■ INFORMATION SHOWN ■
--

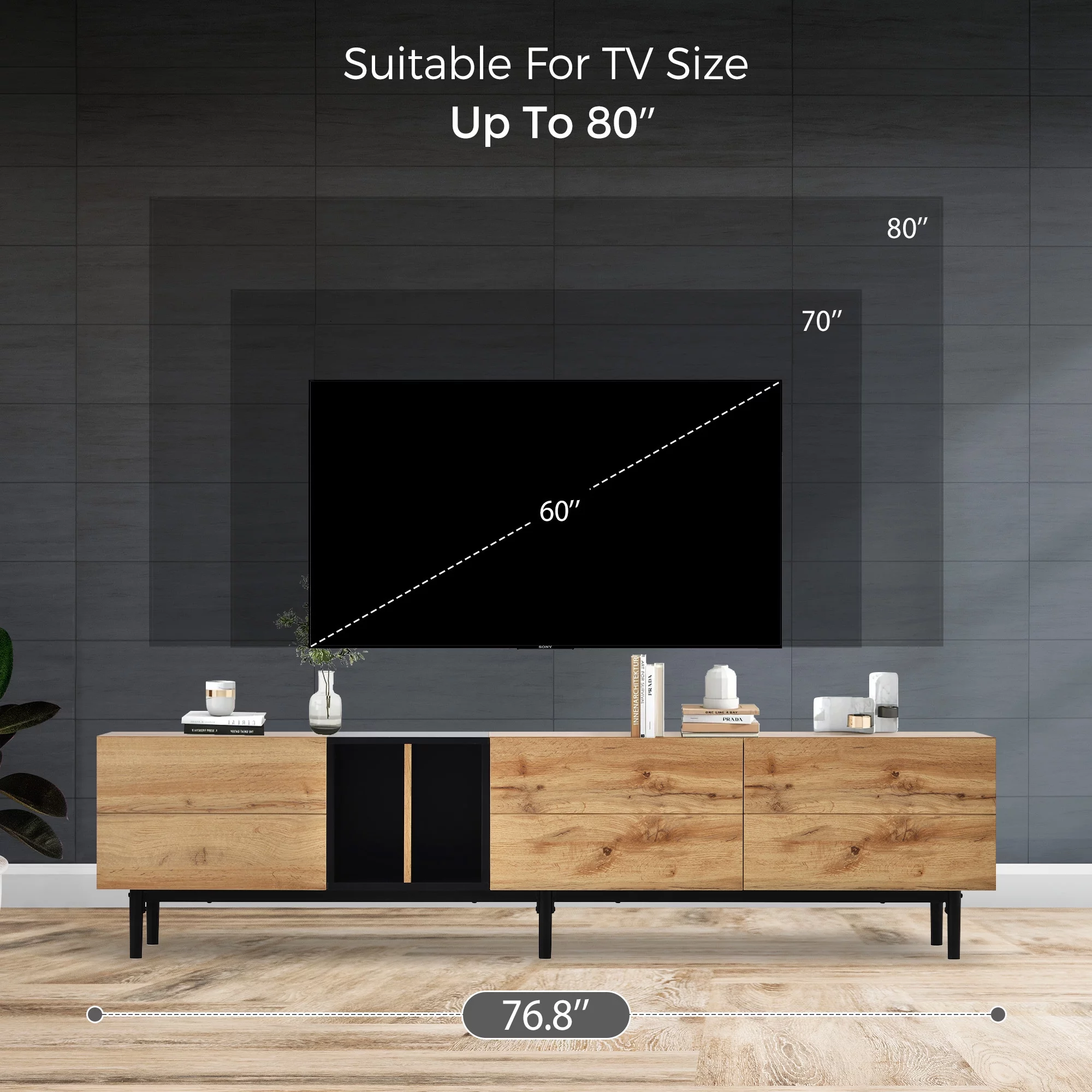 EUROCO Mid-Century Modern TV Stand Up to 80" Contemporary Rectangle ,Unique Style TV Console Table with 3 Doors & Large Storage Cabinet for Living Room Bedroom
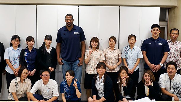 5月19日、B.LEAGUEに所属するプロバスケットボールチーム“琉球ゴールデンキングス”のラモント・ハミルトン選手、津山尚大選手、安永取締役、松原様が、シーズンの結果報告と来シーズンに向けての意気込みを含め、弊社にあい…
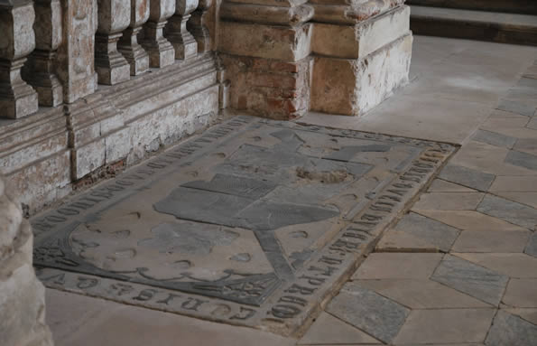prezbiterium, płyta nagrobna Przemysława Ścinawskiego (fot. Andrzej Powidzki)
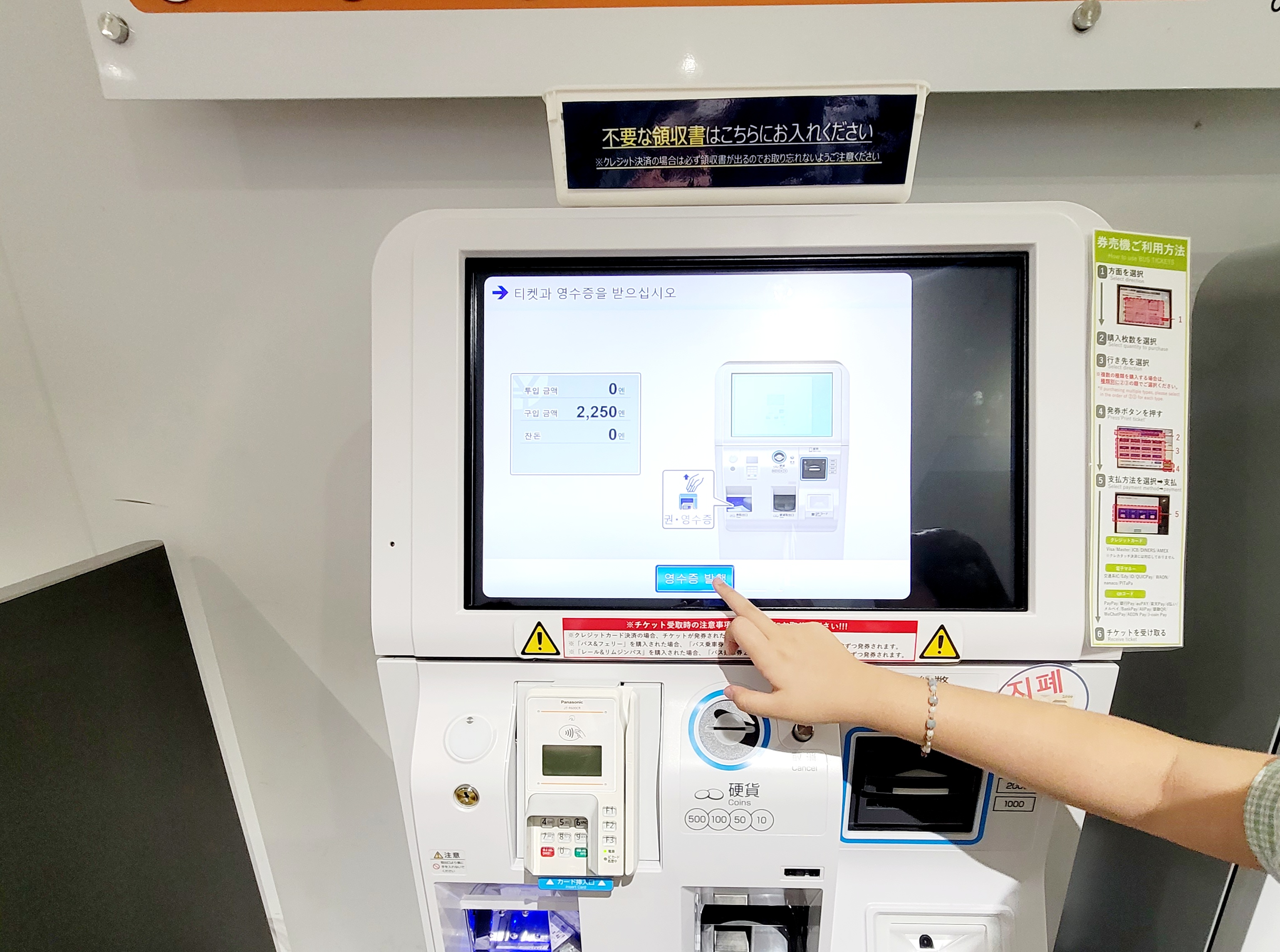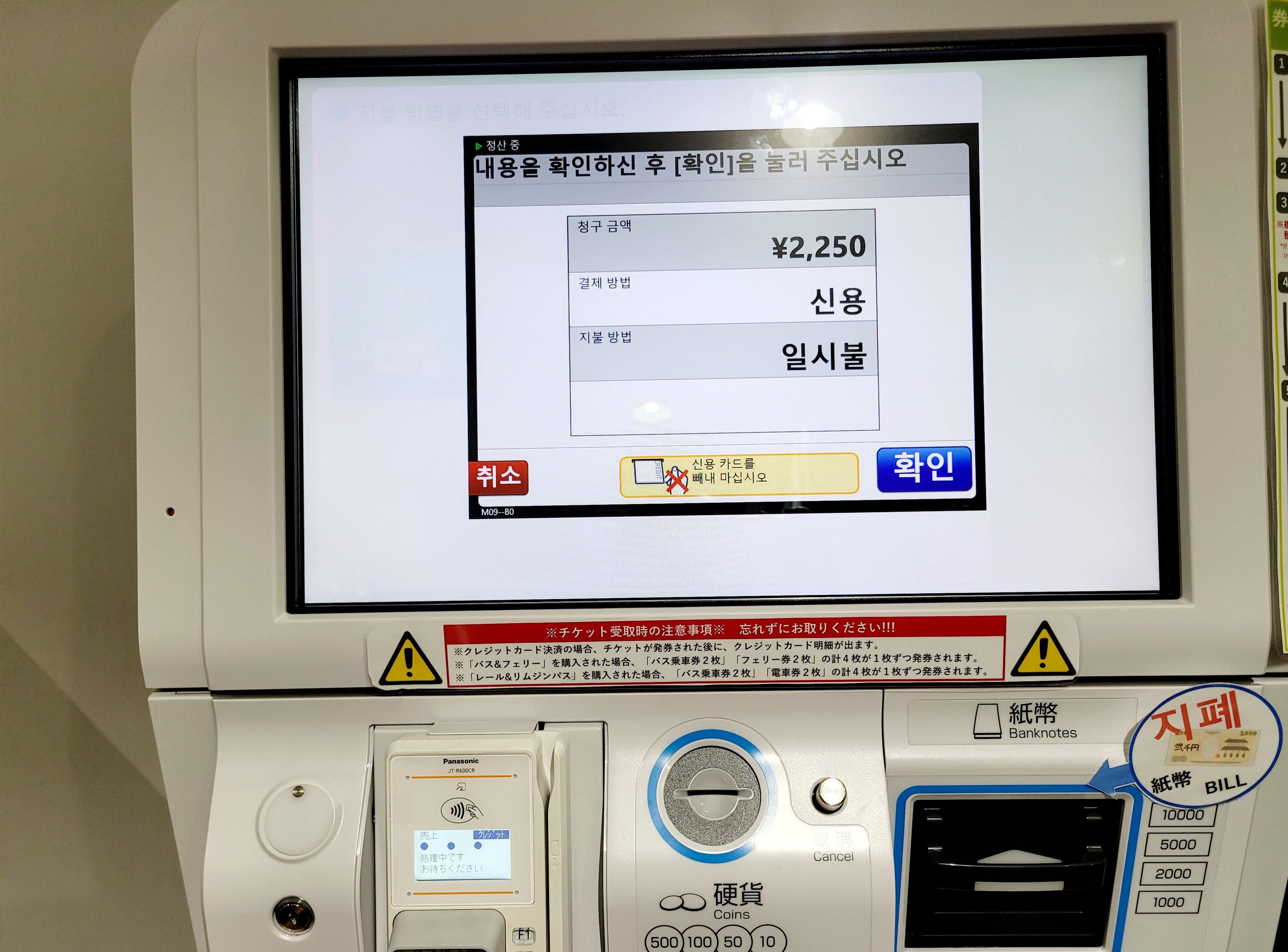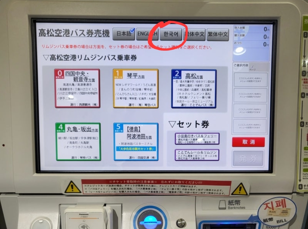 자동 발권기에는 한글 메뉴도 있어서 전혀 어렵지 않습니다.

--

■ TASK TO COMPLETE ■
The answer should consist of every line above, exact and free of images.

■ TASK SOLUTION ■
 EUROCO Mid-Century Modern TV Stand Up to 80" Contemporary Rectangle ,Unique Style TV Console Table with 3 Doors & Large Storage Cabinet for Living Room Bedroom
 5月19日、B.LEAGUEに所属するプロバスケットボールチーム“琉球ゴールデンキングス”のラモント・ハミルトン選手、津山尚大選手、安永取締役、松原様が、シーズンの結果報告と来シーズンに向けての意気込みを含め、弊社にあい…
prezbiterium, płyta nagrobna Przemysława Ścinawskiego (fot. Andrzej Powidzki)
 자동 발권기에는 한글 메뉴도 있어서 전혀 어렵지 않습니다.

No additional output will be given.